» **Task description**: All lines below starting at the one that holds "- Recambio anualidad" and ending at the one that holds "Colorful geometric pattern" should be printed exactly, ends included. Pictures should not be printed, nor anything else.

» **Record extracts**:
-- -- --

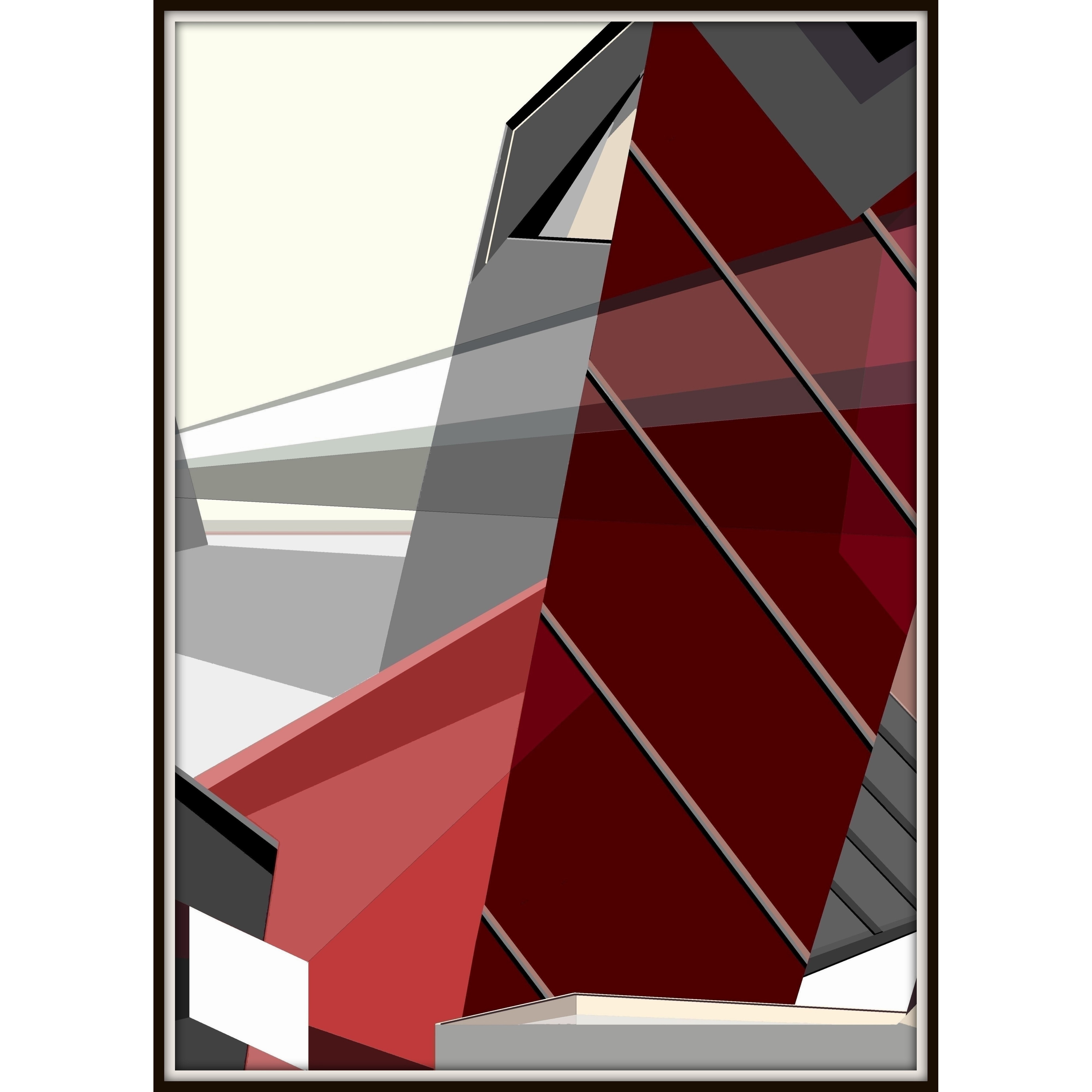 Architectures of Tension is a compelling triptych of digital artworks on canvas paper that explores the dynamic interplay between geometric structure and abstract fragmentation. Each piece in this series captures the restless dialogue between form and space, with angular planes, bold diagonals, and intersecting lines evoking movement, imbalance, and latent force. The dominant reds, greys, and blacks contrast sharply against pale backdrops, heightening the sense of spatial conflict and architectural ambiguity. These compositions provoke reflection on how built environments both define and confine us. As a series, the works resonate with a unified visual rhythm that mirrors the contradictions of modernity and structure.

-- -- --

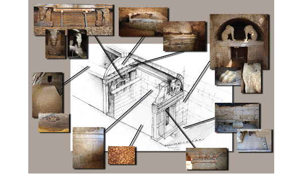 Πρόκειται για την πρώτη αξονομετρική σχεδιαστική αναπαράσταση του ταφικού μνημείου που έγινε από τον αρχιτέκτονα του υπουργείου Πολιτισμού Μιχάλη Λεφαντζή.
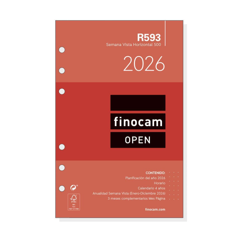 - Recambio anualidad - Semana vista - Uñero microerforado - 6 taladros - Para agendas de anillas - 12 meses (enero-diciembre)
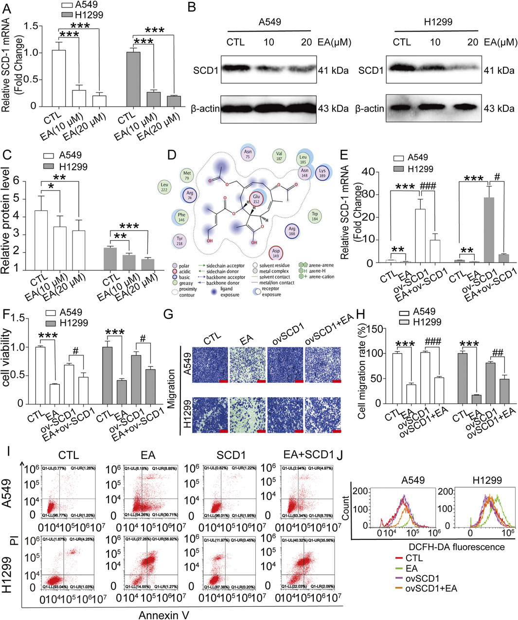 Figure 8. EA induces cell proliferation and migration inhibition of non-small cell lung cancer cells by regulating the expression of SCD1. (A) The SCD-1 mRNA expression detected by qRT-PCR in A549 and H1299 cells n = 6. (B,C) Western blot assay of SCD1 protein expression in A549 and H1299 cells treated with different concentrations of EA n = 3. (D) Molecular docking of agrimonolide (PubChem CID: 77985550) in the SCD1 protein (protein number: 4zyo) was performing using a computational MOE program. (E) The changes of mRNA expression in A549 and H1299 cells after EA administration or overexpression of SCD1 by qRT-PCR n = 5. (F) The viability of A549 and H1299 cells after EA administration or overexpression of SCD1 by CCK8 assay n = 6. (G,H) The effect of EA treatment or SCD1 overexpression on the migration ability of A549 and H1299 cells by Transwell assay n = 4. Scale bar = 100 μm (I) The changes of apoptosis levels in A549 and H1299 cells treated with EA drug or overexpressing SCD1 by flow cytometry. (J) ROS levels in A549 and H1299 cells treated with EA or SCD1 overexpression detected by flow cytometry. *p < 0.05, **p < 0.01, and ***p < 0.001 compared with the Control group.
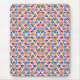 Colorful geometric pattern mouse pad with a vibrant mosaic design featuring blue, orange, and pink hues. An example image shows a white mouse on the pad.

-- -- --

» **Written answer**:
 - Recambio anualidad - Semana vista - Uñero microerforado - 6 taladros - Para agendas de anillas - 12 meses (enero-diciembre)
 Figure 8. EA induces cell proliferation and migration inhibition of non-small cell lung cancer cells by regulating the expression of SCD1. (A) The SCD-1 mRNA expression detected by qRT-PCR in A549 and H1299 cells n = 6. (B,C) Western blot assay of SCD1 protein expression in A549 and H1299 cells treated with different concentrations of EA n = 3. (D) Molecular docking of agrimonolide (PubChem CID: 77985550) in the SCD1 protein (protein number: 4zyo) was performing using a computational MOE program. (E) The changes of mRNA expression in A549 and H1299 cells after EA administration or overexpression of SCD1 by qRT-PCR n = 5. (F) The viability of A549 and H1299 cells after EA administration or overexpression of SCD1 by CCK8 assay n = 6. (G,H) The effect of EA treatment or SCD1 overexpression on the migration ability of A549 and H1299 cells by Transwell assay n = 4. Scale bar = 100 μm (I) The changes of apoptosis levels in A549 and H1299 cells treated with EA drug or overexpressing SCD1 by flow cytometry. (J) ROS levels in A549 and H1299 cells treated with EA or SCD1 overexpression detected by flow cytometry. *p < 0.05, **p < 0.01, and ***p < 0.001 compared with the Control group.
 Colorful geometric pattern mouse pad with a vibrant mosaic design featuring blue, orange, and pink hues. An example image shows a white mouse on the pad.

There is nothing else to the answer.